From CLIP to DINO: Visual Encoders Shout in Multi-modal Large Language Models
摘要
评审与讨论
This paper explores the effectiveness of various vision encoders in Multi-modal Large Language Models (MLLMs). While current MLLM implementations often employ CLIP or its variants for visual understanding and predominantly extract features from the model's deep layers, there is a lack of in-depth analysis of these visual encoders. Through an extensive examination, the authors discover that the shallow layer features of CLIP are especially beneficial for detailed tasks like grounding and region comprehension. Intriguingly, the DINO model, which is not initially trained with text-image alignment, shows significant potential as a visual component in MLLMs. When supplemented with an MLP layer for alignment, DINO outperforms CLIP in tasks demanding finer perception. Based on these insights, the paper introduces a novel feature integration method called COMM, which combines the strengths of both CLIP and DINO via Multi-level features Merging, aiming to enhance the visual proficiency of MLLMs. Evaluations of COMM on multiple benchmarks, such as image captioning, visual question answering, visual grounding, and object hallucination, indicate its superior performance over current methods, highlighting its improved visual competency in MLLMs.
优点
- The paper introduces a novel strategy COMM that combines multi-stage visual features from both CLIP and DINO, attaining noticeable improvements on several VL reasoning tasks.

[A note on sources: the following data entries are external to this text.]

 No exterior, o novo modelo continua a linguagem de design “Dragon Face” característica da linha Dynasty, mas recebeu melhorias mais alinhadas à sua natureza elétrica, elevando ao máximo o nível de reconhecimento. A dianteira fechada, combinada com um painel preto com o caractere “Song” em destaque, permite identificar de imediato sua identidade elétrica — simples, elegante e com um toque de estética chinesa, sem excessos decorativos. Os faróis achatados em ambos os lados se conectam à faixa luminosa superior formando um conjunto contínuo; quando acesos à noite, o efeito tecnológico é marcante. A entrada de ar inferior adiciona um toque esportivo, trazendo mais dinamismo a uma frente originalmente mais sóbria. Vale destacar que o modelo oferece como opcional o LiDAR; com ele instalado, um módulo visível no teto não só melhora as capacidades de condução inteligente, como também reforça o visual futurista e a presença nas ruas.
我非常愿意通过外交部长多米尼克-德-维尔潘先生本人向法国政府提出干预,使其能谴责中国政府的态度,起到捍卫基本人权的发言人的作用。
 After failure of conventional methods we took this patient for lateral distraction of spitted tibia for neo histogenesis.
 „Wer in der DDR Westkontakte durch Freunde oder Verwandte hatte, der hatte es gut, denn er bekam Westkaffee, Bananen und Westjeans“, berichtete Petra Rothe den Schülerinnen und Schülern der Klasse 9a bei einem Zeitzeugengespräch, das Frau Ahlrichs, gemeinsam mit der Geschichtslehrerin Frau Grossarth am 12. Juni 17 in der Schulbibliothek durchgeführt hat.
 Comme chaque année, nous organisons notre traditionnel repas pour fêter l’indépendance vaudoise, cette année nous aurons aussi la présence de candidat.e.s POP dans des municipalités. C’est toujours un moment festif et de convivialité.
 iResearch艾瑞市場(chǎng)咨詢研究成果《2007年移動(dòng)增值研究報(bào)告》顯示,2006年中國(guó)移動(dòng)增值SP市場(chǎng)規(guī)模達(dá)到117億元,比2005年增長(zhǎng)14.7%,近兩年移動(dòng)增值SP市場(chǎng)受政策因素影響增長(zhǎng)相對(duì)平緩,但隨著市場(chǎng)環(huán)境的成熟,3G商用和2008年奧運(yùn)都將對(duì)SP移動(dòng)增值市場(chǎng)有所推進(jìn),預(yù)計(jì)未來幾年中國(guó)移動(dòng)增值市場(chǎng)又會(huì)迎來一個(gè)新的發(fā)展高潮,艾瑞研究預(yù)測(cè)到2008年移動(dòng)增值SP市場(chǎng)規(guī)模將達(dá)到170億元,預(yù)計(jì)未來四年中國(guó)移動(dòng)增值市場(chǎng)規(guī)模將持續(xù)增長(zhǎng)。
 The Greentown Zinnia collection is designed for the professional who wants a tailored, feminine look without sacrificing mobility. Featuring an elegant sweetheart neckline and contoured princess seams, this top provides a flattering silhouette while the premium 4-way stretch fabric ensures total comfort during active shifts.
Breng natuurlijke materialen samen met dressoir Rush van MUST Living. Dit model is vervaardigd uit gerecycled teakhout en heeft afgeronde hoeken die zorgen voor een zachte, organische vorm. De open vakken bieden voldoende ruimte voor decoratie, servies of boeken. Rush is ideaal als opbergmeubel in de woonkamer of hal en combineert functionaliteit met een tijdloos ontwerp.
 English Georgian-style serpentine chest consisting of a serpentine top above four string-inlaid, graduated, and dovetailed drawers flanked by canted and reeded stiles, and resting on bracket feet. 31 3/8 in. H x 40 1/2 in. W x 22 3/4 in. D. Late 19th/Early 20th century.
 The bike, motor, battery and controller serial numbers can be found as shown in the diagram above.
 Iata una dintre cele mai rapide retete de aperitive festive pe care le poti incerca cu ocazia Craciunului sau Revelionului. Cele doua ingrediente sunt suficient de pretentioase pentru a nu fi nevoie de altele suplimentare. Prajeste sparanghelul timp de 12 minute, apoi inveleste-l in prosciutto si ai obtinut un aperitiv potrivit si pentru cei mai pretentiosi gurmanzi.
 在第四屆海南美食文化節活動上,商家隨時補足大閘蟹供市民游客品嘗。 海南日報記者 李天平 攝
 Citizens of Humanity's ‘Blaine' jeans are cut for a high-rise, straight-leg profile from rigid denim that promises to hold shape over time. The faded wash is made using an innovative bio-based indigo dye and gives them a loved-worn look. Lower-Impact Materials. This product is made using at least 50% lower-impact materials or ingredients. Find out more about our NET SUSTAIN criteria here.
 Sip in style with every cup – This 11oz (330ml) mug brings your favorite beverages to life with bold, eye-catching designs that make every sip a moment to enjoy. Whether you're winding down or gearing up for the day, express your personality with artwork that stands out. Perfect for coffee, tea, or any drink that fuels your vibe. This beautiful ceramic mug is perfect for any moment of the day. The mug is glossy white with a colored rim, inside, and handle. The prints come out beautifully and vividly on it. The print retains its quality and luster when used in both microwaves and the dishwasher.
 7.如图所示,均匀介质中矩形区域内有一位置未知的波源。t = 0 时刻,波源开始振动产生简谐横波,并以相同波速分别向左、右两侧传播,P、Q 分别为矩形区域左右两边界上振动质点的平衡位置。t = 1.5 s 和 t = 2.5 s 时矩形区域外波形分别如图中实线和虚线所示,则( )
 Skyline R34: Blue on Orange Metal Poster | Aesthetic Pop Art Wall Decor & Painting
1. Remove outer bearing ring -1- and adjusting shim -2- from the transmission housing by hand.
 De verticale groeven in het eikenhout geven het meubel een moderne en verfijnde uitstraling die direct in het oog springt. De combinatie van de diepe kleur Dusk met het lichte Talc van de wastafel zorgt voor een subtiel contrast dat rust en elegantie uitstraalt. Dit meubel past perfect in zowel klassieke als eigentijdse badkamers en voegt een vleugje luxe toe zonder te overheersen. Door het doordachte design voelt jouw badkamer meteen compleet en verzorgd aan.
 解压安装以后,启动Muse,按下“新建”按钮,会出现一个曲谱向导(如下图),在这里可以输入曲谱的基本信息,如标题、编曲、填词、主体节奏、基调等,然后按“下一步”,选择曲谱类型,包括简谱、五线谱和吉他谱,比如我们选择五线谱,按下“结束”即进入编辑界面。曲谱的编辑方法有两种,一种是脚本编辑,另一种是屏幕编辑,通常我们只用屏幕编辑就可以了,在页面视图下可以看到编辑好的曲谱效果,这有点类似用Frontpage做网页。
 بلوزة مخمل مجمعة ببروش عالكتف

- The paper presents an in-depth investigation into the correlations among token-level visual features of vision transformers, revealing the issues of overlooking detailed local features in CLIP. This exploration may give very useful insights into the studies of representation learning.
- It also provides a comprehensive comparison of various candidate vision encoders that roughly cover the prominent pretraining strategies such as CLIP, DINO, MAE, and supervised pretraining (DEiT). The findings of MAE and DEiT’s failure to adapt to multi-model tasks are interesting, if the experiments are correctly implemented.
缺点
- My major concern lies in the contributions of this work. The new approach COMM seems more like an ensembling strategy to directly combine CLIP and DINO’s multi-stage visual features. The motivation demonstrated in the paper to introduce DINO features is not really convincing: despite the fact that DINO yields better localized features than CLIP, there exist a lot of simple solutions to overcome this problem such as re-organizing CLIP’s self-attention [1] and learning additional adaptation layers [2]. How would the difference be between your method and such counterparts?
- Also, merging multi-layer visual features in vision transformers does not necessarily make sense, because in such models there already exist residual connections between neighboring blocks which means features have already been merged to some extent. Will COMM still be robust if merging the features with an interval (e.g., layer 1, 3, 5, 7…)? This ablation study should be included.
- The experimental results do not seem very significant. If my understanding of your method is correct, you by default employ both CLIP and DINO for training and inference. However, your method demonstrates 0.3 lower avg. result than that with single DINO model in the “REC” task and obtains the same results in the absence of DINO in the “POPE” task.
- A minor concern comes from the dependence of a well-pretrained DINO. I understand that MAE-like and supervised models cannot achieve the performance you expect, but there are also many contrastive learning-based pretraining models such as MoCo v3, BYOL, as well as iBOT which derives from DINO and shares similar features with it. Is DINO the optimal choice of your method? If so, you should explain why it significantly outperforms other models.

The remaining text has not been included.